Rodrigo Cisternas a 10 años de su muerte

Por: Esteban Miranda 

En la Provincia de Arauco, no hay muchas oportunidades de trabajo; así una gran parte de la población ve en el ingreso a la industria forestal la única salida para poder sobrevivir. Hace 10 años la Provincia se encontraba en un estado de agitación extrema. Más de 5000 trabajadores de la Empresa Bosques Arauco –propiedad del Grupo Angelini- se habían lanzado a la huelga, hartos de los salarios de hambre, que una de las ramas económicas más importantes del país, les entrega a cambio de la venta de su fuerza de trabajo. Muchos no percibían más de $60.000 de sueldos base.
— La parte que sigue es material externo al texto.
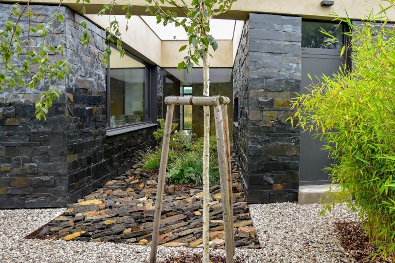Kamenné atrium s ostrůvky trvalek, travin a kapradin je komponováno na důležité pohledy z interiéru – vstupní haly a kuchyně. Výsadby jsou nasvíceny a solitérní pískovcový balvan, který se zde opět objevuje, slouží i jako přírodní pítko. Zahradu zakončují stálezelené bambusy a traviny, které ji uzavírají a doplňují stinnou část zahrady.

Además de la cuestión salarial, la movilización hacia hincapié en la necesidad de no hacer distinción de ningún tipo entre trabajador@s de planta y subcontratados, una demanda central que hoy con más fuerza que en aquel entonces, es impulsada por las fracciones más activas del nuevo movimiento obrero que empieza a emerger.

En aquella gran huelga, luego de más de un mes de diversas movilizaciones y la implementación de variadas formas de presión, el día 3 de mayo unos 2000 trabajadores tomaron la determinación de cortar la ruta que une Concepción con Arauco a la altura de la Planta Celulosa Horcones, en Laraquete.
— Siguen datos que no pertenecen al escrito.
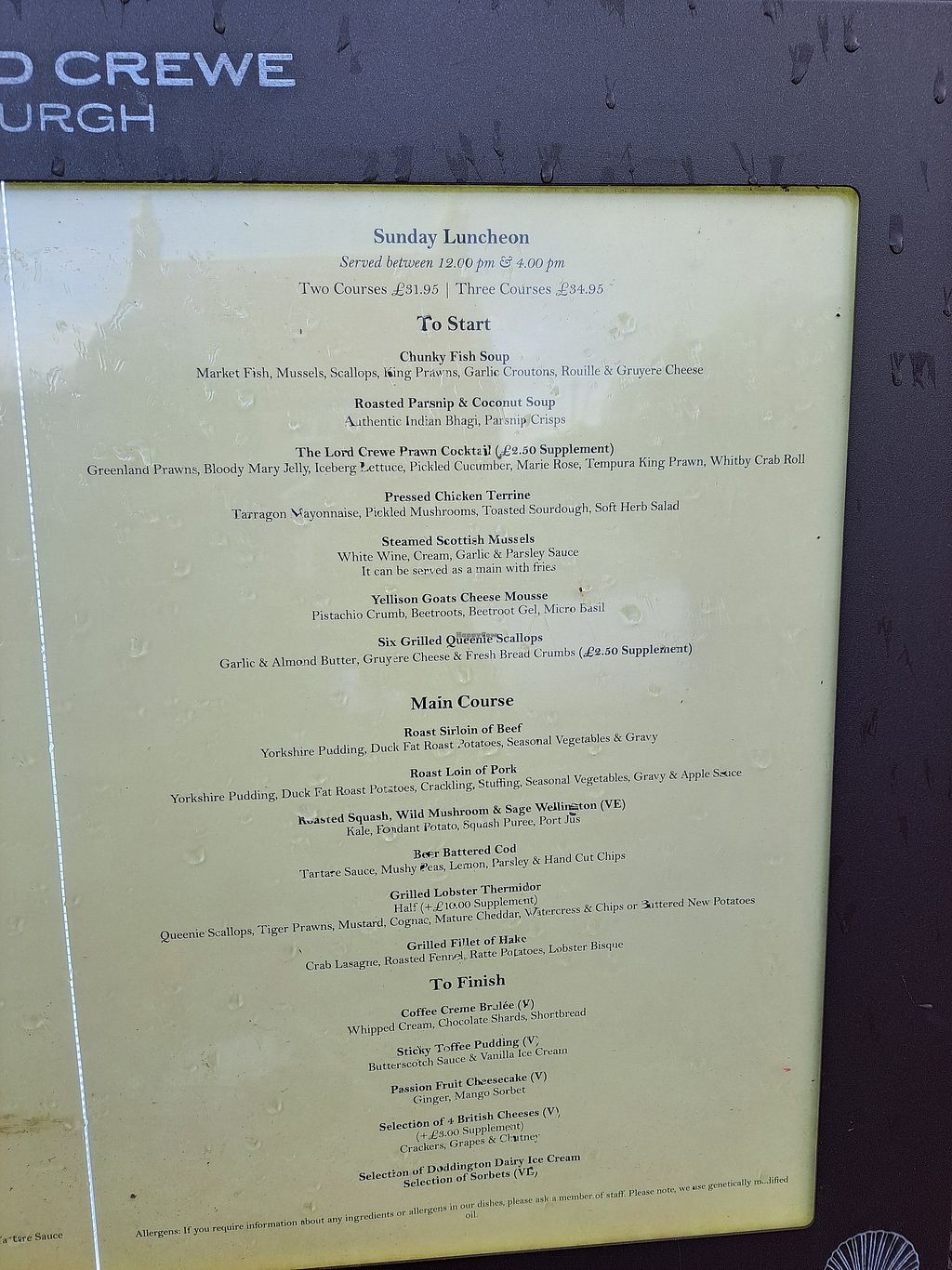 We booked for a family Sunday lunch (first visit back up to the NE for over a year). Before booking I called to confirm they could cater for the whole party as per the sample menus on the website, which included a vegan roast. On arrival there was no vegan roast: there was courgette and couscous. Whilst I'm sure this was fine, it wasn't what was expected not confirmed via the call.

Luego de más de 5 horas de bloqueo, Carabineros arremetió con fuerza, con la intención de despejar la ruta a como diera lugar, produciéndose violentos choques con los huelguistas, que no estaban dispuestos a ceder ni un metro de la carretera. Para lograr su objetivo, las fuerzas represivas no escatimaron en recursos,  atacando incluso los automóviles de los trabajadores forestales estacionados en el lugar. En medio de los brutales enfrentamientos entre los obreros y las Fuerzas Especiales de Carabineros –incluso cuerpo a cuerpo-, Rodrigo Cisterna, un joven obrero de 26 años toma la decisión de subirse a un cargador frontal y arremeter contra los vehículos de la policía, volcando varios de ellos. Fue en ese momento, cuando varios efectivos policiales descargaron numerosas ráfagas de disparos, quitándole la vida instantáneamente. Más de 100 balas salieron de las armas de la represión. Por si esto fuera poco, 4 operarios más habían sido heridos por el plomo policial y un quinto trabajador perdió su ojo izquierdo. Otros 6 huelguistas fueron detenidos en el lugar y apaleados salvajemente por la enloquecida policía.
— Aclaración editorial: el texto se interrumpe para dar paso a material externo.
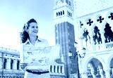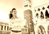 Happy young woman looking at map against campanile di san marco

Al funeral realizado en Curanilahue, asistieron más de 25.000 personas, provenientes de todos los puntos de la región. El último adiós a Rodrigo estuvo marcado por una mezcla entre dolor, impotencia, indignación y rabia contra la empresa, Carabineros y el Estado chileno (cuya presidencia en aquel entonces estaba bajo el mando de Michelle Bachelet) que avalaba sin tapujos el accionar policial.

En el mes de abril del año 2013, el Primer Juzgado Civil de la ciudad de Concepción, determinó que era responsabilidad policial y del Estado Chileno este crimen de clase. En consecuencia, ordenó que el fisco debía cancelar una indemnización de $30.000.000 a la viuda de Rodrigo y su hijo, $10.000.000 a cada uno de los cuatro heridos a bala en la jornada lucha y $20.000.000 para el trabajador que perdió su ojo. Más allá de las altas cifras de dinero, al fin se logró “acreditar legalmente” la absoluta responsabilidad de la policía en los hechos de violencia ocurridos aquella noche.

Rodrigo Cisterna, así como muchas y muchos otros militantes populares asesinados, vivirá por siempre en el corazón del pueblo trabajador que lucha por construir una sociedad digna y libre para las grandes mayorías expoliadas por el capital, el empresariado y el Estado.